Bitcoin’s halving may save market again, according to historical analysis
With the massive correction in the crypto market, more and more traders and investors are abandoning short- and medium-term forecasts and looking at macro data like Bitcoin’s halving cycles and the effect that they have in the crypto market.
Investors who use BTC halving as a market indicator often rely on the mid-halving, which sometimes becomes a bottom for the price of the digital gold. In the previous cycle, we saw a mid-term bounce off of the logarithmic support curve, which supposedly correlates with the 780th-880th day of the halving cycle.

Analysis based on Bitcoin’s halving model has its roots in the simple law of supply and demand. Block reward size is a tool that can directly affect Bitcoin total supply inflation, as miners put constant pressure on the market.
In two previous halving cycles, Bitcoin successfully bottomed out around the aforementioned day range, which is even more notable on the logarithmic chart.

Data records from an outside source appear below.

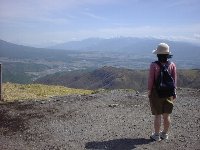 | 写真ではよく見えませんが、遙か彼方に富士山が見えました。小さくうっすらとしか見えない富士山が、見慣れた富士山とは違ってもっと幻想的に感じられました。 山頂なので、風が強い!マウスオーバーすると、風が吹いてきますよ! |
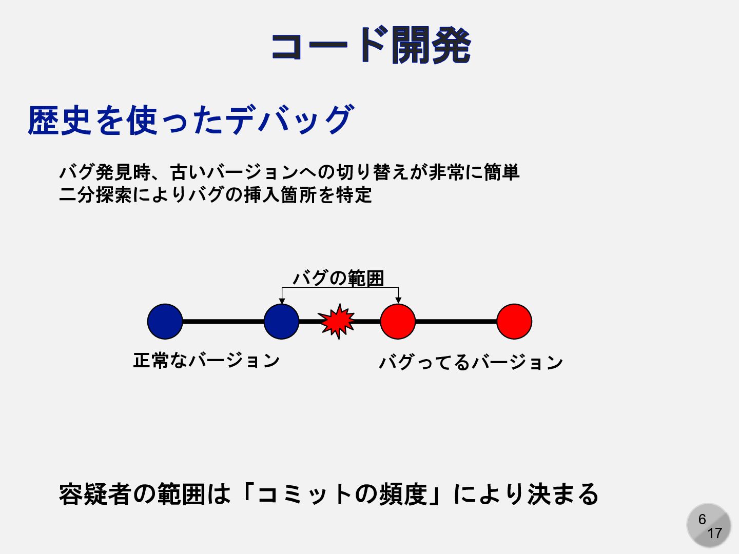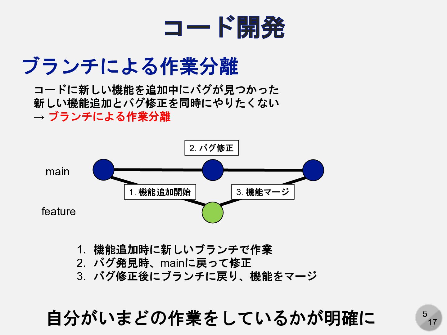 1. 5 17 コード開発 ブランチによる作業分離 main feature コードに新しい機能を追加中にバグが見つかった 新しい機能追加とバグ修正を同時にやりたくない → ブランチによる作業分離
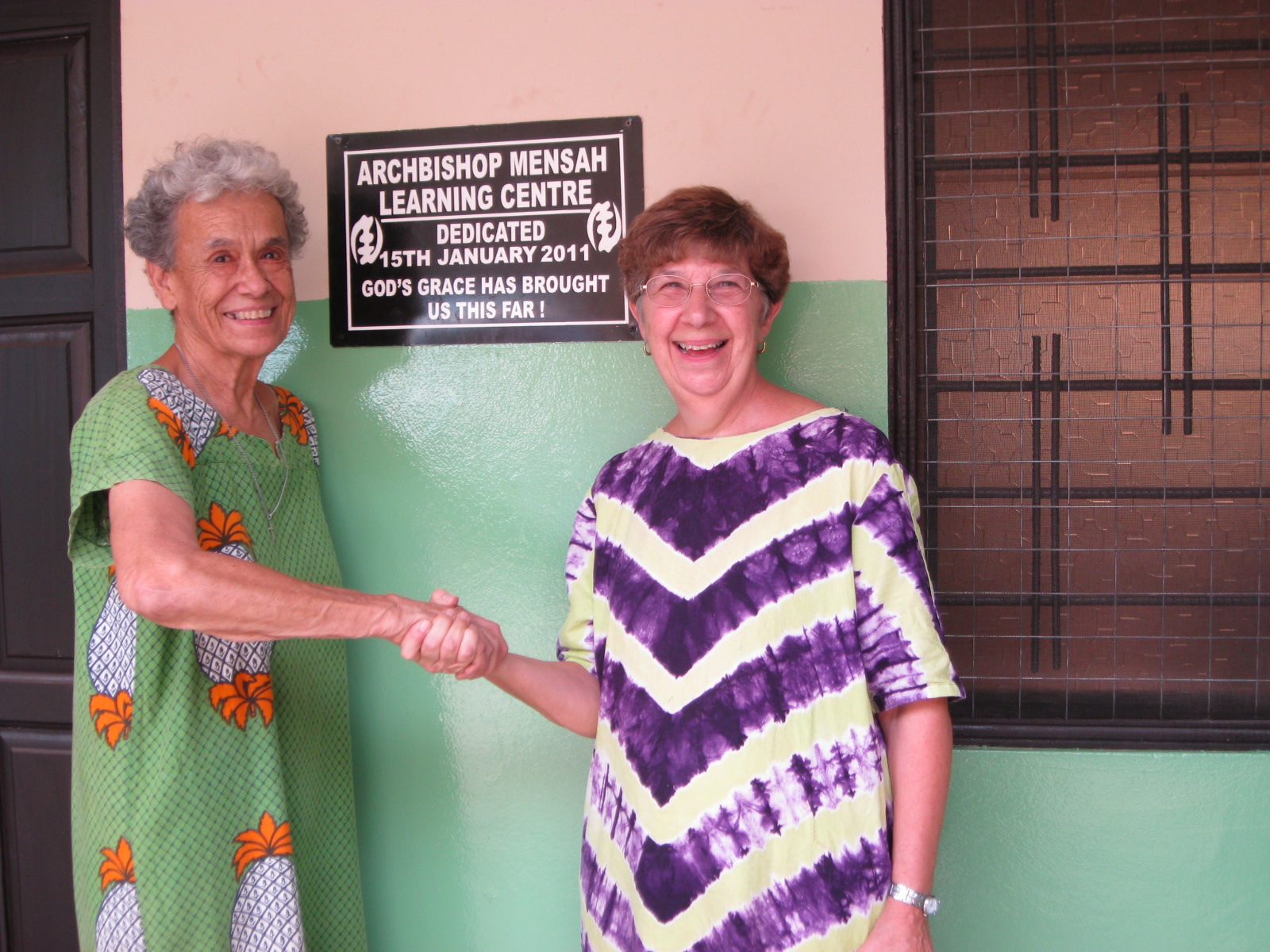 BVM Laurene Brady and Irene Lukefahr celebrate the opening of the Archbishop Mensah Learning Center…

Halving continues to affect the market
During the bullrun of 2021, many analysts, including Willy Woo, believed that the halving would no longer have such an impressive effect on the market as we have seen before. His main reasoning was the institutional exposure to the cryptocurrency market, which will bind him more to stocks and make him less independent.
We are yet to see the actual source of the pressure on the cryptocurrency market since Bitcoin is currently moving in correlation with the stock market, which had been plunging after unexpected inflation data and the Fed’s hawkishness.
In addition to macroeconomic pressure in the market, issues with Ethereum-based DeFi services and platforms are causing further panic in the market.